Exercise requirements> Return the listing in full and exactly, but without a single picture.

Exercise data>
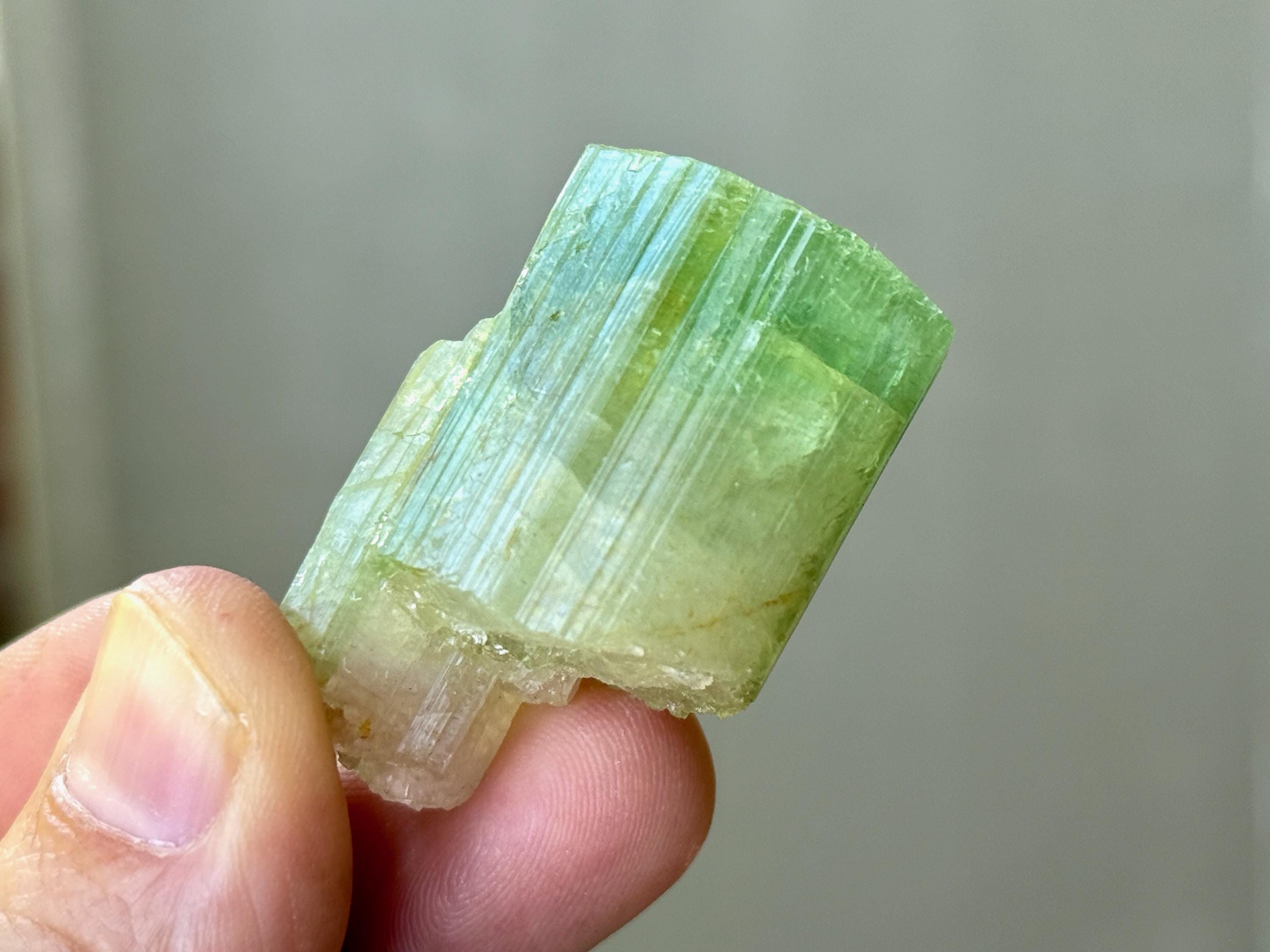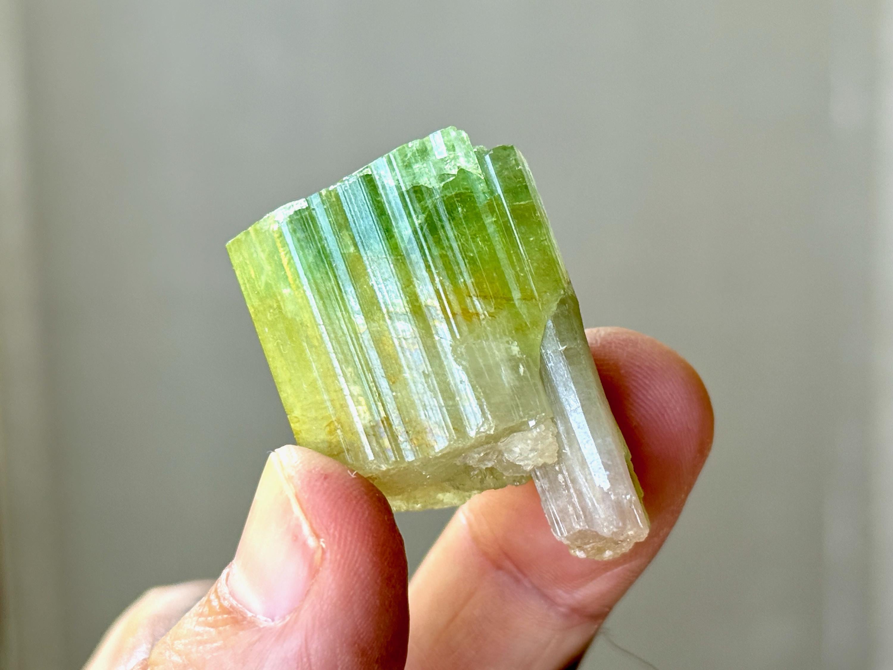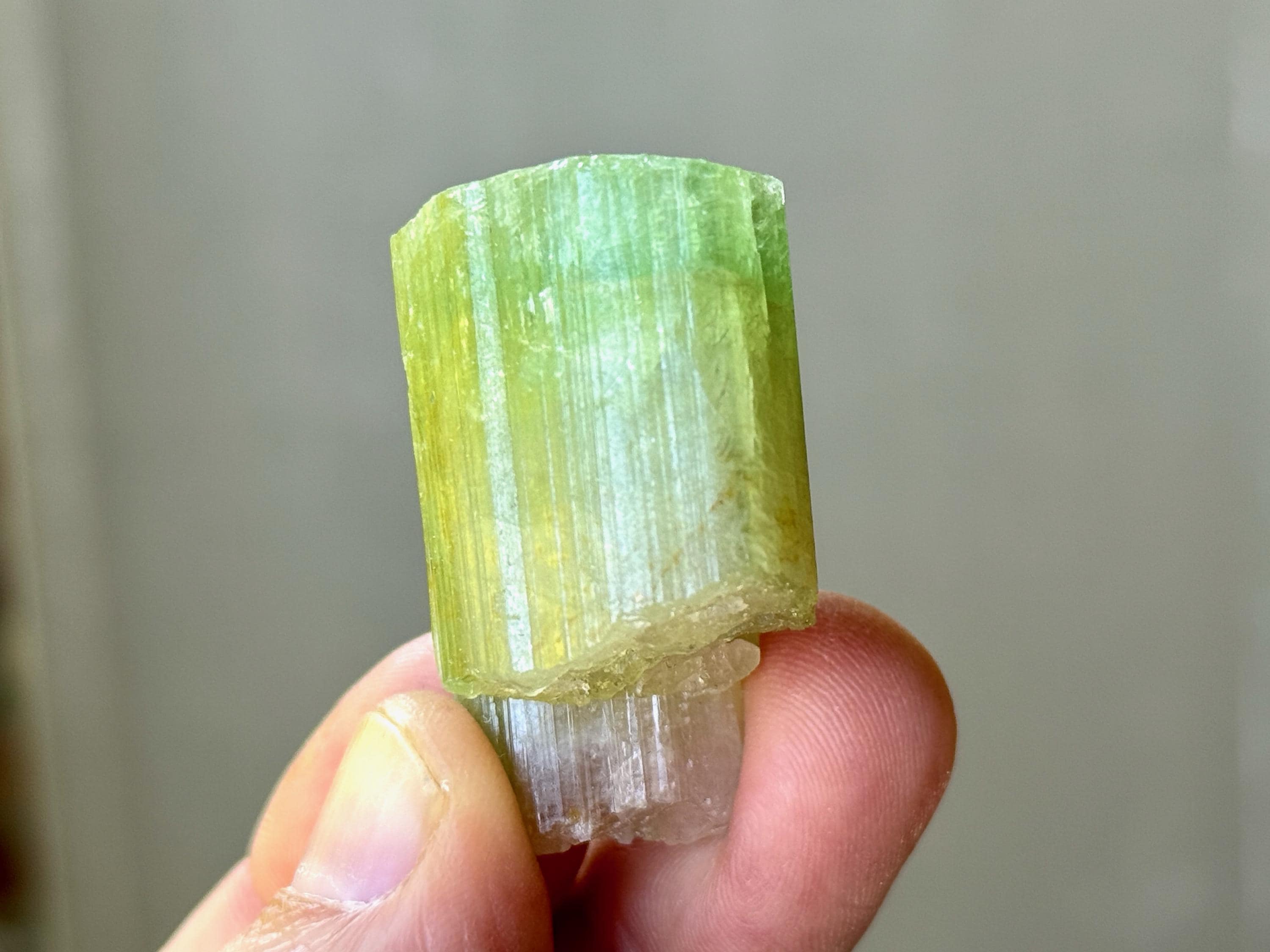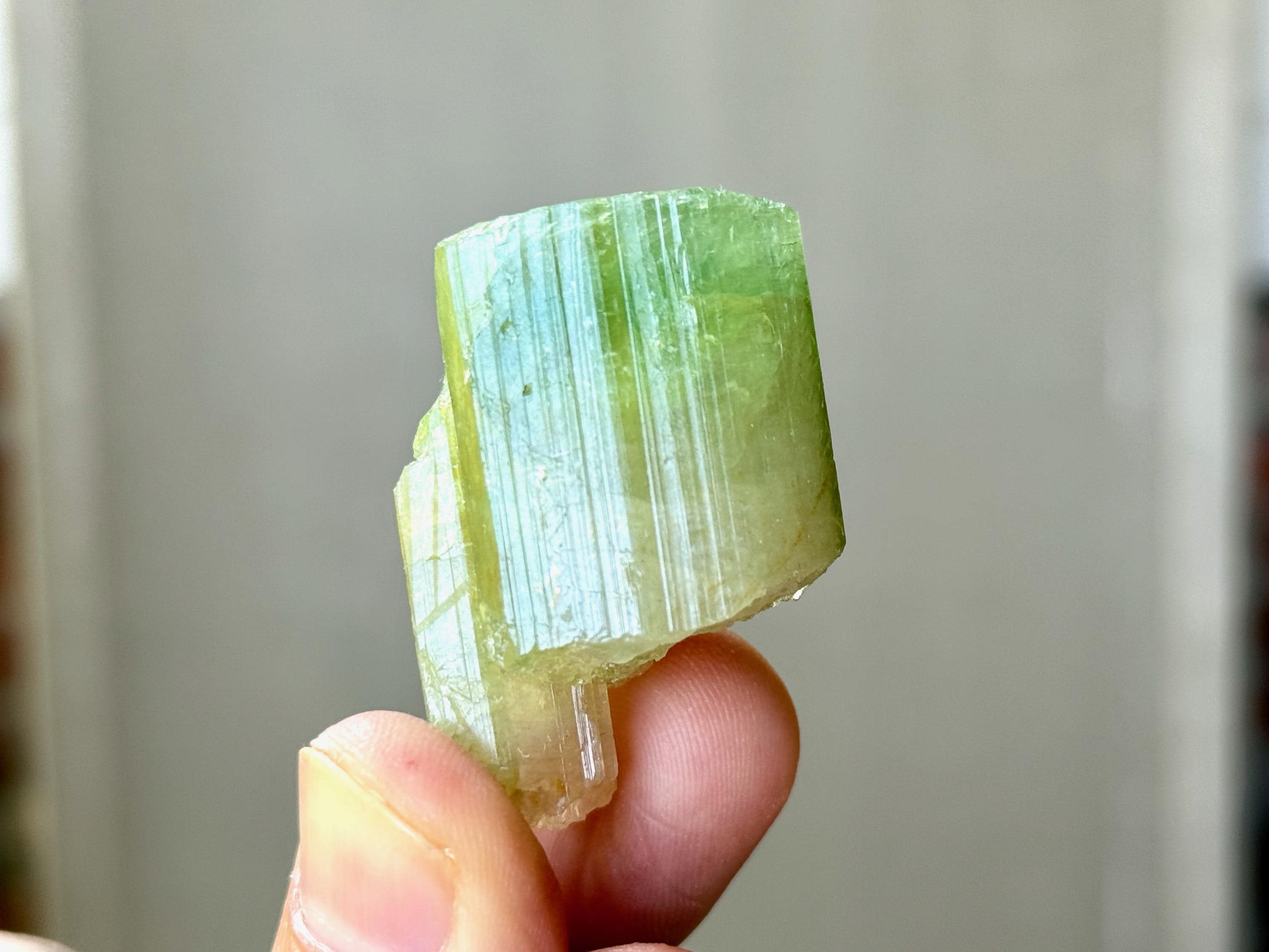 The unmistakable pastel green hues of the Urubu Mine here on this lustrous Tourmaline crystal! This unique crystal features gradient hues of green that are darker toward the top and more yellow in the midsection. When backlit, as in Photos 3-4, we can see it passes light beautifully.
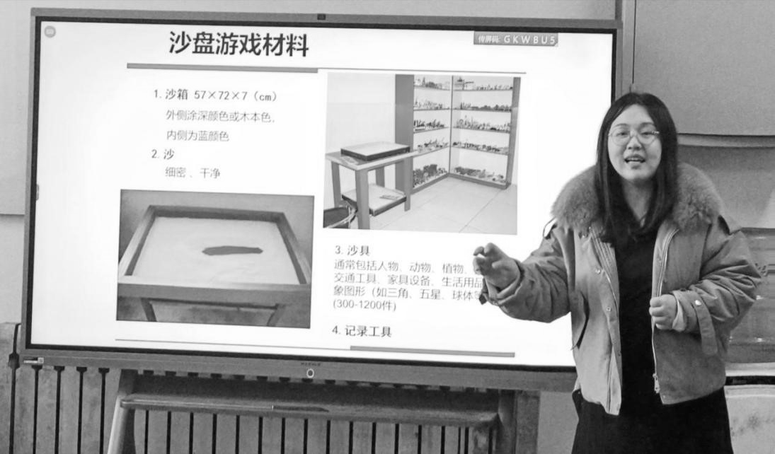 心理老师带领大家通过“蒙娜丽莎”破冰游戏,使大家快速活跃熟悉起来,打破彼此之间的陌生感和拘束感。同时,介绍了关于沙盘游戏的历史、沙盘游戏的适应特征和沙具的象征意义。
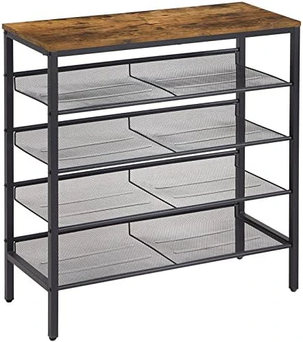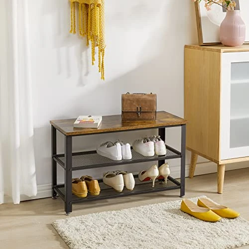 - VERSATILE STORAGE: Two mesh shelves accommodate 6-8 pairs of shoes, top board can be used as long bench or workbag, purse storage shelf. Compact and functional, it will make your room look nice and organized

Response to this exercise>
 The unmistakable pastel green hues of the Urubu Mine here on this lustrous Tourmaline crystal! This unique crystal features gradient hues of green that are darker toward the top and more yellow in the midsection. When backlit, as in Photos 3-4, we can see it passes light beautifully.
 心理老师带领大家通过“蒙娜丽莎”破冰游戏,使大家快速活跃熟悉起来,打破彼此之间的陌生感和拘束感。同时,介绍了关于沙盘游戏的历史、沙盘游戏的适应特征和沙具的象征意义。
 - VERSATILE STORAGE: Two mesh shelves accommodate 6-8 pairs of shoes, top board can be used as long bench or workbag, purse storage shelf. Compact and functional, it will make your room look nice and organized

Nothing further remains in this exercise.